"Peace on Earth and Good-Will toward Men" was the legend set forth by the brilliantly colored letters.
What a mockery those words seemed to be! There had never been peace or good-will in their house, even in the old days when they were tolerably prosperous, before her father went away.
She walked very slowly now, for she was thinking of that old time. She had loved her father more than she had ever loved any one else. To her he had always been kind; he had never found fault with her, and had smoothed all the rough places out of her life. Her mother had been neat and smart and capable, as the New England phrase is. Higher praise than this Mrs. Haygarth did not covet. But like many capable women, she had acquired a habit of small faultfinding, a perpetual dropping, which would have worn even a stone, and George Haygarth was no stone.
The woman loved her husband, doubtless, in some fashion of her own, but to save her life she could not have kept from "nagging" him. She fretted if he brought mud upon his shoes over her clean floor, if he spent money on any pleasure for himself, any extra indulgence for Olive; above all, if he ever took a fancy to keep holiday.

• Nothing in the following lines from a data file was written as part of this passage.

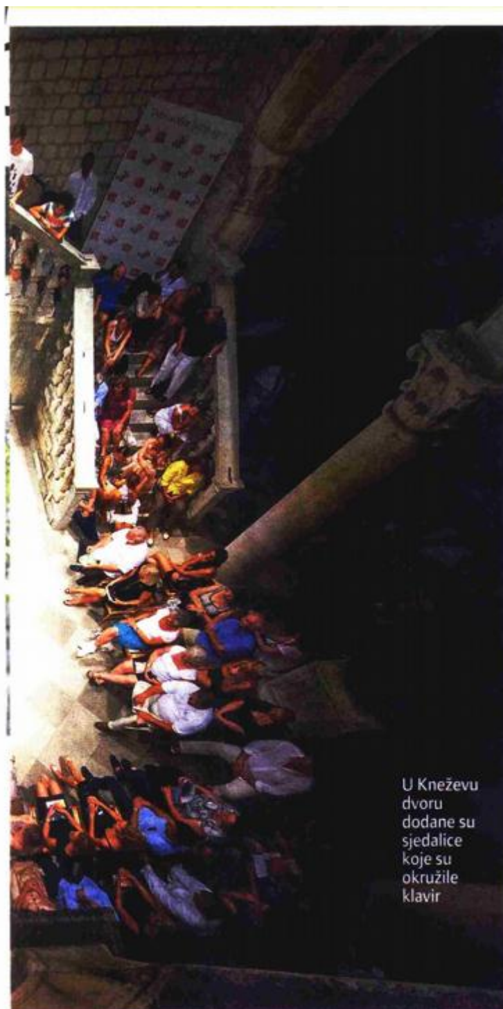
U Kneževu dvoru dodane su sjedalice koje su okružile klavir

u Kneževu dvoru na nogama je ispratila maestrov nastup zahvalivši mu dugotrajnim pljeskom i ovacijama.
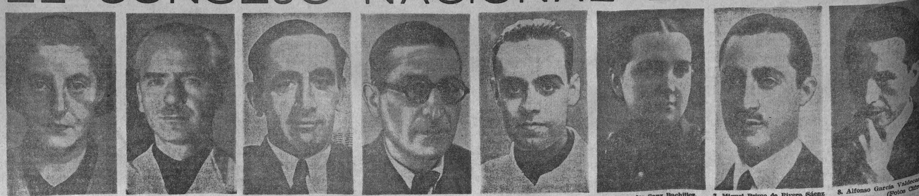
1. Pilar Primo de Rivera y Sáenz de Heredia
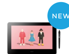
Wacom Cintiq Pro 16
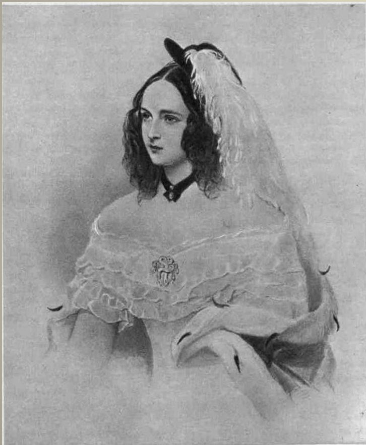
Наталья Николаевна Пушкина.

Just five years ago things had come to a climax. Olive was thirteen years old then, and he had brought her home for Christmas some ornaments,—a pin and earrings, not very expensive, but in Mrs. Haygarth's eyes useless and unnecessary. She assailed him bitterly, and for a marvel he heard her out in dumb silence. When she was all through, he only said,—
"I think I can spare the eight dollars they cost me, since I am not likely to give the girl any thing again for some time. It will be too far to send Christmas gifts from Colorado."
Mrs. Haygarth's temper was up, and she answered him with an evil sneer,—
"Colorado, indeed! Colorado is peopled with wide-awake men. It's no place for you out there."
He made no reply, only got up and went out; and, going by Olive, he stooped and kissed her. How well she remembered that kiss!
Through the week afterward he went to his work as usual, but he spent scarcely any time at home, and when there made little talk. All his wife's accustomed flings and innuendoes fell on his ears apparently unheeded. The night before New Year's he was busy a long time in his own room. When he came out he handed Mrs. Haygarth a folded paper.